## DATA EXTRACT
++++++++
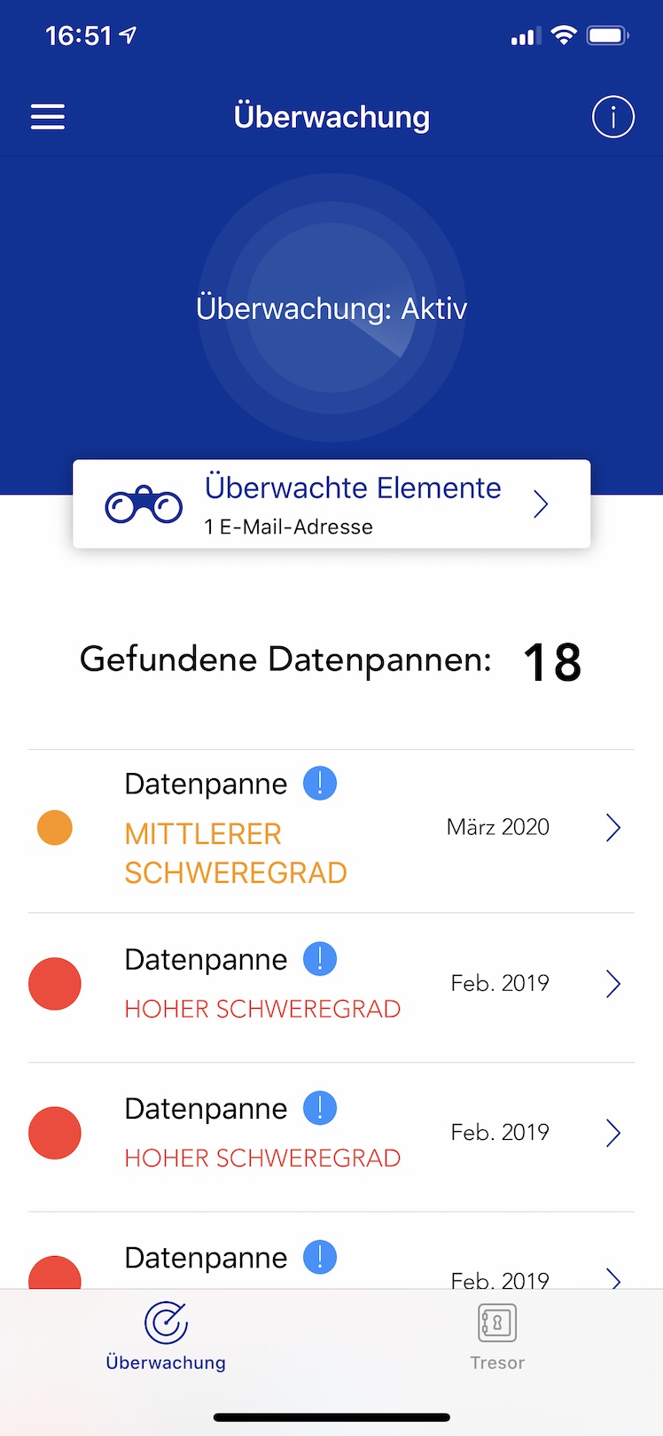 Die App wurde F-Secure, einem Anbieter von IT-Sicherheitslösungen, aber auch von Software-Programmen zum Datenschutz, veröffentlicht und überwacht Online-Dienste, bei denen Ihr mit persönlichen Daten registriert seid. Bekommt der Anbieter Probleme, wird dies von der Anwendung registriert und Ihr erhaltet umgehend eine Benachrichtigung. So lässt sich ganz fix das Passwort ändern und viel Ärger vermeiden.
++++++++
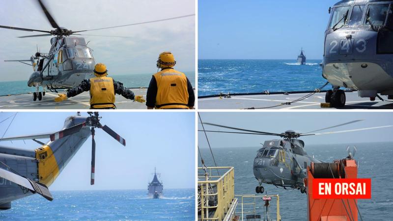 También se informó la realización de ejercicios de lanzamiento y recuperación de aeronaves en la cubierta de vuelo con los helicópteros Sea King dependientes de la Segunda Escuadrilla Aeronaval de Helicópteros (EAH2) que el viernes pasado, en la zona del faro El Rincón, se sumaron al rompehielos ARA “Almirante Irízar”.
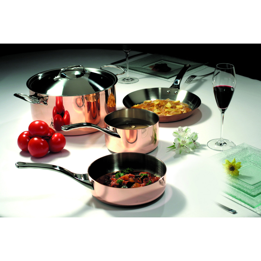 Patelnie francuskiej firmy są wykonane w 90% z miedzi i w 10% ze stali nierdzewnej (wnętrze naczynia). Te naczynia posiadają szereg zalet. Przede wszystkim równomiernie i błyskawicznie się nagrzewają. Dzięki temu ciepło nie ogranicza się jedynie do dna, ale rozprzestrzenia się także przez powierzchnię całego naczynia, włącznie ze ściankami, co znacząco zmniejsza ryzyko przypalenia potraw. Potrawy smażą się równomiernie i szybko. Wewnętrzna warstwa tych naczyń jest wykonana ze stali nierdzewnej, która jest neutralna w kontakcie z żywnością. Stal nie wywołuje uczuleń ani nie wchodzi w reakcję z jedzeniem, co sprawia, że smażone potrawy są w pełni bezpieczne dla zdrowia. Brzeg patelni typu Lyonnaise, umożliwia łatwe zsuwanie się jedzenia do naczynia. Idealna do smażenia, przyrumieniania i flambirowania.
++++++++
From the records above, give again only the part that opens with the line containing "También se informó" and closes with the line containing "Patelnie francuskiej firmy". Keep both ends but drop the pictures.

## RESULT FOR THIS EXERCISE
 También se informó la realización de ejercicios de lanzamiento y recuperación de aeronaves en la cubierta de vuelo con los helicópteros Sea King dependientes de la Segunda Escuadrilla Aeronaval de Helicópteros (EAH2) que el viernes pasado, en la zona del faro El Rincón, se sumaron al rompehielos ARA “Almirante Irízar”.
 Patelnie francuskiej firmy są wykonane w 90% z miedzi i w 10% ze stali nierdzewnej (wnętrze naczynia). Te naczynia posiadają szereg zalet. Przede wszystkim równomiernie i błyskawicznie się nagrzewają. Dzięki temu ciepło nie ogranicza się jedynie do dna, ale rozprzestrzenia się także przez powierzchnię całego naczynia, włącznie ze ściankami, co znacząco zmniejsza ryzyko przypalenia potraw. Potrawy smażą się równomiernie i szybko. Wewnętrzna warstwa tych naczyń jest wykonana ze stali nierdzewnej, która jest neutralna w kontakcie z żywnością. Stal nie wywołuje uczuleń ani nie wchodzi w reakcję z jedzeniem, co sprawia, że smażone potrawy są w pełni bezpieczne dla zdrowia. Brzeg patelni typu Lyonnaise, umożliwia łatwe zsuwanie się jedzenia do naczynia. Idealna do smażenia, przyrumieniania i flambirowania.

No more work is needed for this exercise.